I thought you’d decided to throw it away for some reason.

” My throat tightened, and I swallowed hard to get rid of the lump trying to form there.

“Halyma had a good idea of what it was, and she tricked me into giving it to her.” Iannis’s long fingers went to the charm, and butterflies fluttered in my belly as I watched him stroke the gem briefly. “I would have never taken it off willingly,” he added, his voice softening.

“That’s what I thought,” Fenris said, sounding satisfied. “We could tell by the glow that you were still alive, so the charm was helpful to us regardless.”

“How did you manage to locate me without it?” Iannis asked. “I hope you haven’t just been aimlessly wandering around the plains.”

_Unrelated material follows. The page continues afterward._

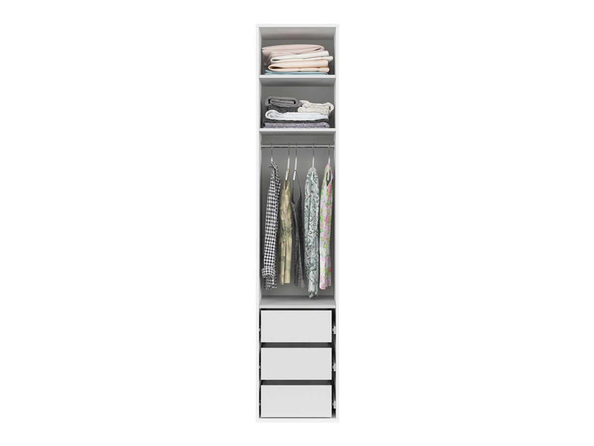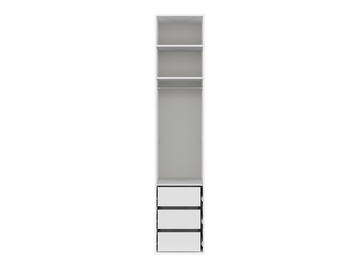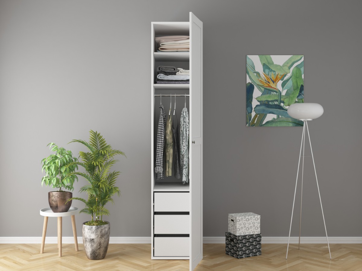 Barevné provedení skříně je v bílém tónu. Materiál lamino, které se snadno udržuje. Bílá barva zajistí čistý a moderní svěží vzhled. Opticky zvětší a projasní místnost. Šatní skříň FLEX má k dispozici police, šatní tyč a zásuvky ve spodní části. Zásuvky mají plný výsun s kuličkovými pojezdy, díky čemuž se do ni snadněji dostanete.
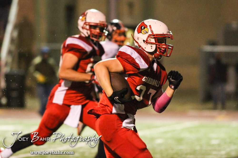 Hoisington Cardinal Hunter Hanzlick (#27) rushes down the field with the ball during the Hoisington High School versus Smoky Valley football game with Hoisington winning 33 to 12 at Eldon Brown Field in Hoisington, Kansas on October 10, 2014. (Photo: Joey Bahr, www.joeybahr.com)

“We decided to start with the Resistance camp at the base of the mountains,” Annia said. “We’d heard from another group of Coazi that there was a camp holding prisoners, so we figured that was our best lead after hitting a dead end with your necklace.”

“Prisoners?” Iannis’s violet eyes snapped fire as he sat up straight. “Do you mean my delegates?”

“Yeah. They’re being held in an abandoned mineshaft while the camp awaits orders on what to do with them. Naya can tell you the story, since she’s the one who met with them.” Annia jerked a thumb in my direction.

I sighed, then filled Iannis in on what we had discovered back at the camp – that the strike on the airship had been ordered by the Benefactor, targeting Iannis specifically, and that though they’d been waiting on orders from the Benefactor on what to do with the other delegates, they were leaning toward killing them.

By the time I was done, Iannis’s face had turned to stone, his eyes blazing with a cold fury that sent shivers down my spine.

“We must rescue them immediately,” he said, pushing to his feet.

“Now?” Annia protested around a mouthful of beef jerky. “It’s dark out. Everybody knows that you don’t travel at night.”

Iannis swung around to face her, and she flinched a little under the weight of his icy glare.

“I cannot leave them to die, and besides, such missions are best performed under the cover of darkness. We will go now. Once the delegates are liberated and the Convention is over, I will stamp out the Resistance and their mysterious Benefactor once and for all.”